American baseball player (1933–2019)

Samuel Douglas Taylor (February 27, 1933 – October 8, 2019) was an American professional baseball player, a Major League catcher who appeared in 473 games over six seasons from 1958 to 1963 for the Chicago Cubs, New York Mets, Cincinnati Reds and Cleveland Indians. Born in Woodruff, South Carolina, he left-handed-batting Taylor was listed as 6 ft 2 in tall and 185 lb.

After graduating from Woodruff High School, Taylor played one season (1950) in the Class D North Carolina State League. Then, he served in the United States Navy during the Korean Conflict.

==Baseball career==
===Chicago Cubs===
Signed by the Milwaukee Braves as a 23-year-old free agent in 1956, Taylor spent two full years in the Braves' farm system, then was traded with pitcher Taylor Phillips to the Cubs for outfielder Eddie Haas and pitchers Don Kaiser and Bob Rush on December 5, 1957. He made his big league debut on April 20, 1958 against the St. Louis Cardinals. Appearing as a pinch hitter for Gene Fodge, he drew a walk in his first plate appearance. Overall, Taylor appeared in 96 games in 1958, hitting .259 with 78 hits, six home runs and 36 RBI.

In 110 games in 1959, Taylor hit .269 with 13 home runs and 43 runs batted in in 110 games. His 13 intentional walks were the fourth most that season. Taylor was involved in a rather peculiar situation in a game on June 30 of that year, between the St. Louis Cardinals and Chicago Cubs. Stan Musial was at the plate, with a count of 3–1. Pitcher Bob Anderson's next pitch was errant, evading Taylor and rolling all the way to the backstop. Umpire Vic Delmore called ball four, however Anderson and Taylor contended that Musial foul tipped the ball. Because the ball was still in play, and because Delmore was embroiled in an argument with the catcher and pitcher, Musial took it upon himself to try for second base. Seeing that Musial was trying for second, Alvin Dark ran to the backstop to retrieve the ball. The ball wound up in the hands of field announcer Pat Pieper, but Dark ended up getting it back anyway. Absentmindedly, however, Delmore pulled out a new ball and gave it to Taylor. Anderson finally noticed that Musial was trying for second, took the new ball, and threw it to second baseman Tony Taylor. To Anderson's disappointment, the ball flew over Tony Taylor's head into the outfield. Dark, at the same time that Anderson threw the new ball, threw the original ball to shortstop Ernie Banks. Musial, though, did not see Dark's throw and only noticed Anderson's ball fly over the second baseman's head, so he tried to go to third base. On his way there, he was tagged by Banks, and after a delay he was ruled out.

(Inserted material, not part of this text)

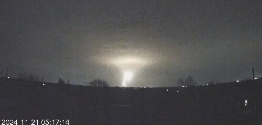 乌克兰空军方周四初步声明,这枚导弹是洲际弹道导弹(ICBM),乌克兰媒体指称是俄制RS-2“边界”(Rubezh)导弹。俄国总统普丁(Vladimir Putin)周四证实,当天上午俄方对乌克兰发射一枚新开发的高超音速导弹“榛果树”(Oreshnik,Hnazel Tree),攻击乌克兰第聂伯罗市(Dnipro)一处军事设施。普丁称这是中长程弹道导弹(IRBM),美国、北约也认同这项描述。
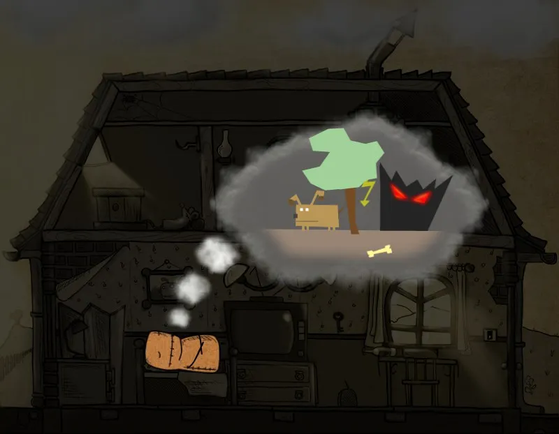 Наш герой просыпается от приснившегося ему кошмара, и, выйдя из дома, обнаруживает пропажу своей собаки.

Taylor slumped in 1960, hitting only .207 in 150 at-bats. He lost his starting catching role that year and played in only 74 games.

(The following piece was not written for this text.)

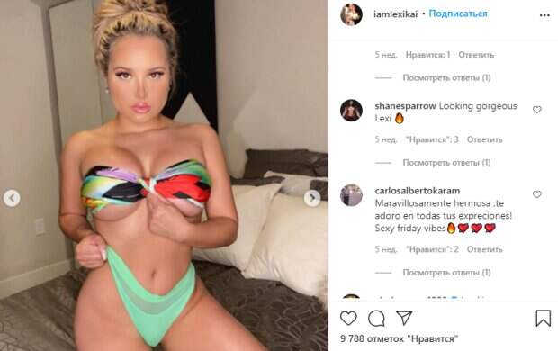 Так как Лекси часто называют обладательницей кукольной внешности, она всегда делает на этом акцент. Как видно на фото, дома девушка решила повеселиться в постели и сделать несколько селфи с неожиданного ракурса. Все дело в том, что Лекси позировала не только в ярком нижнем белье с сеточкой, но еще и вместо лифчика прикрыла бюст обычным платком с ярким принтом разного цвета. Чтобы не показать слишком много лишнего, Кай придержала кончики платка на самом бюсте. «Чудесный образ
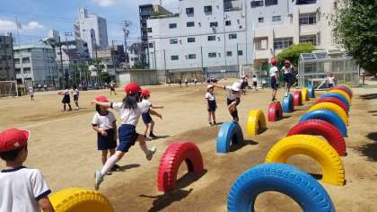 休み時間の様子です。いっぱい遊んでいます。担任の先生も参加して遊んでいます。

Taylor was the team's second most used catcher in 1961, behind Dick Bertell. In 1961, he hit .238 with eight home runs and 23 RBI in 235 at-bats (89 games).

===New York Mets===
Taylor began the 1962 season with the Cubs, hitting .133 in 15 at-bats with them. On April 26, he was traded to the Mets for outfielder Bobby Gene Smith. In 68 games with the Mets, he hit .222 with three home runs and 20 RBI. Overall, he hit .214 in 173 at-bats that season.

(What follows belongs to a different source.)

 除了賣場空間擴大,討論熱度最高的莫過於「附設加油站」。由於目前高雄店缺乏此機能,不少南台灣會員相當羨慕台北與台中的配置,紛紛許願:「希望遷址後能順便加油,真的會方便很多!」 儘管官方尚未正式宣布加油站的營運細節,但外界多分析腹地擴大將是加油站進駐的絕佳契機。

In 1963—his final season—Taylor played for three different teams. He began the year with the Mets and hit .257 in 41 at-bats with them.

===Cincinnati Reds and Cleveland Indians===
On July 1, he was traded with Charlie Neal to the Reds for another catcher, Jesse Gonder. He played in three games for the Reds, collecting no hits in six at-bats. On August 1, he was traded to the Indians for outfielder/catcher Gene Green. He amassed three hits in ten at-bats for the Indians. Overall, he hit .235 with no home runs and seven RBI in 51 at-bats. He played his final game on August 6.

Overall, Taylor played six years in the majors, hitting .245 with 309 hits, 47 doubles, nine triples, 33 home runs and 147 RBI in 473 games.

Sammy Taylor died October 8, 2019, aged 86.